## RECORDS FOR THE EXERCISE

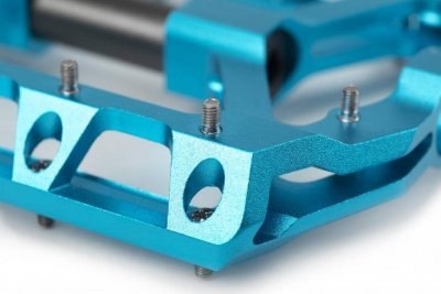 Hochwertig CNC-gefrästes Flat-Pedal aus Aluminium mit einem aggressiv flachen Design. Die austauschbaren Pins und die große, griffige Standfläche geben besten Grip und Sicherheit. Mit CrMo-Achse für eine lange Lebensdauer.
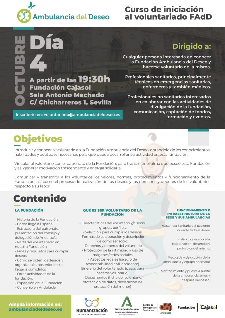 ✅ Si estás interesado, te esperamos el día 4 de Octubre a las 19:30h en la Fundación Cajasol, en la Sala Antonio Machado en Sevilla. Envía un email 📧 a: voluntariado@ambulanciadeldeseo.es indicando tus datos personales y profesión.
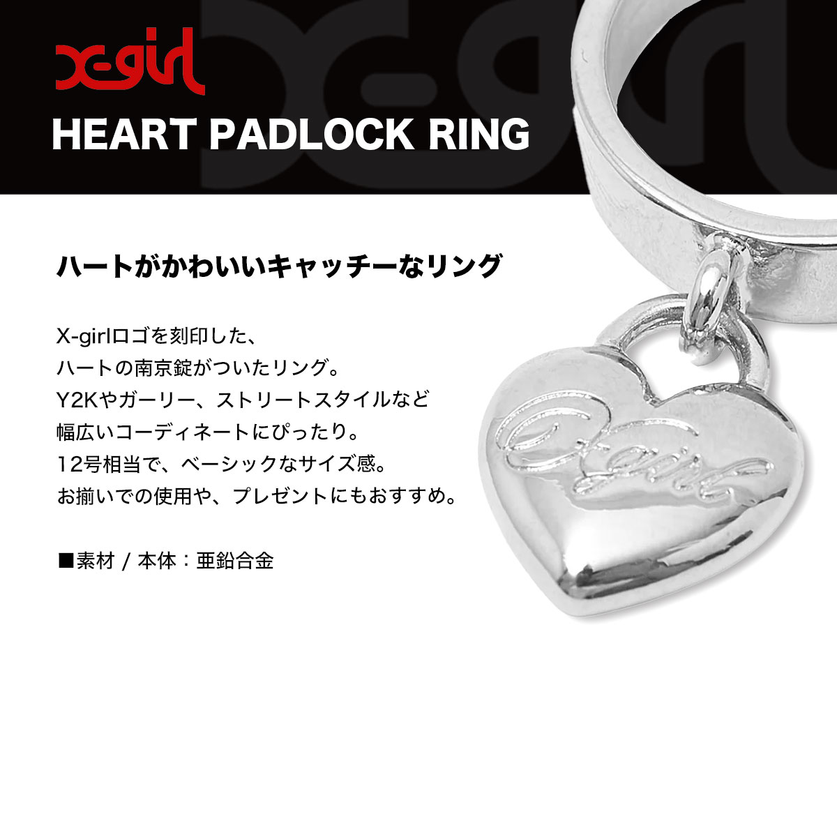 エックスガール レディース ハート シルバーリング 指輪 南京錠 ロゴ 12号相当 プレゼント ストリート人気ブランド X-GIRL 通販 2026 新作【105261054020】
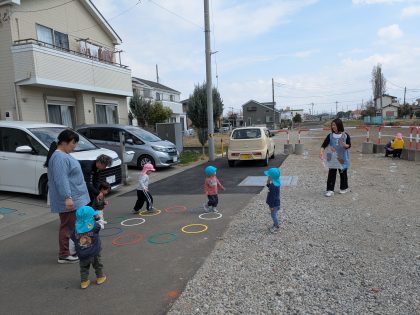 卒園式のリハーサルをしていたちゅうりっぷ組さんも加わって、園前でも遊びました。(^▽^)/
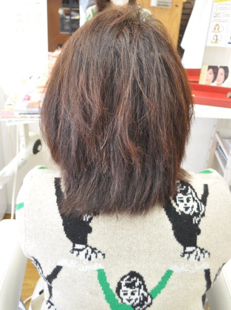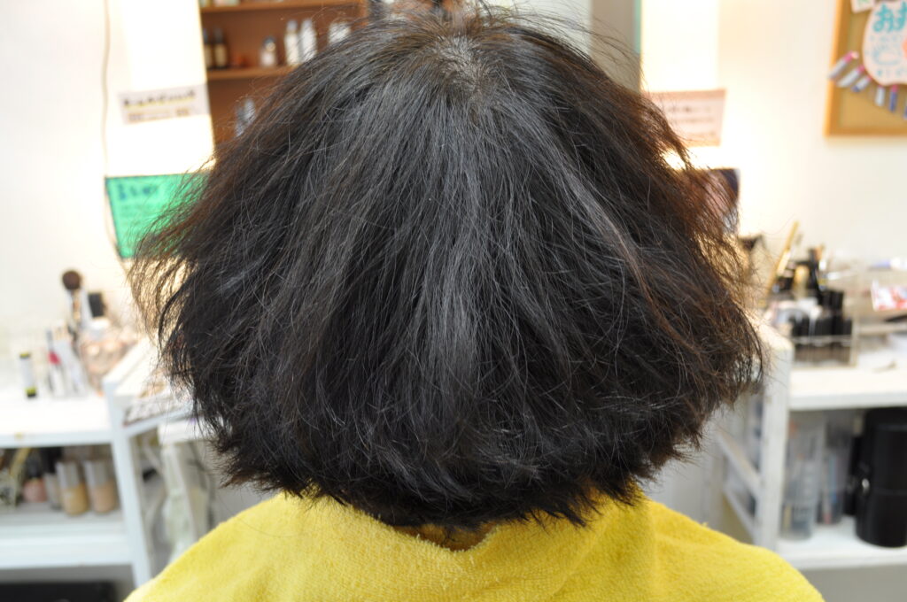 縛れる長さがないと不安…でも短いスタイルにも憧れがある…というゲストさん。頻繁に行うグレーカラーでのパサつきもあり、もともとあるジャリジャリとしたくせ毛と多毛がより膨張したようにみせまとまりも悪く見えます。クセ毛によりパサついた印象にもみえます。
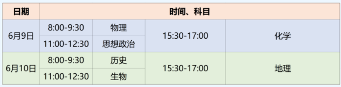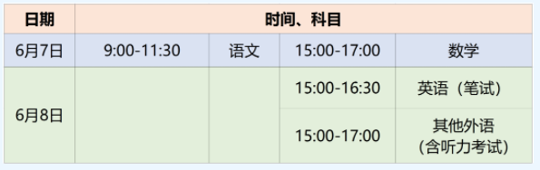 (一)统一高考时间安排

## EXERCISE DIRECTIONS
Without the pictures, repeat every line of the material above exactly.

## TASK SOLUTION
 Hochwertig CNC-gefrästes Flat-Pedal aus Aluminium mit einem aggressiv flachen Design. Die austauschbaren Pins und die große, griffige Standfläche geben besten Grip und Sicherheit. Mit CrMo-Achse für eine lange Lebensdauer.
 ✅ Si estás interesado, te esperamos el día 4 de Octubre a las 19:30h en la Fundación Cajasol, en la Sala Antonio Machado en Sevilla. Envía un email 📧 a: voluntariado@ambulanciadeldeseo.es indicando tus datos personales y profesión.
 エックスガール レディース ハート シルバーリング 指輪 南京錠 ロゴ 12号相当 プレゼント ストリート人気ブランド X-GIRL 通販 2026 新作【105261054020】
 卒園式のリハーサルをしていたちゅうりっぷ組さんも加わって、園前でも遊びました。(^▽^)/
 縛れる長さがないと不安…でも短いスタイルにも憧れがある…というゲストさん。頻繁に行うグレーカラーでのパサつきもあり、もともとあるジャリジャリとしたくせ毛と多毛がより膨張したようにみせまとまりも悪く見えます。クセ毛によりパサついた印象にもみえます。
 (一)统一高考时间安排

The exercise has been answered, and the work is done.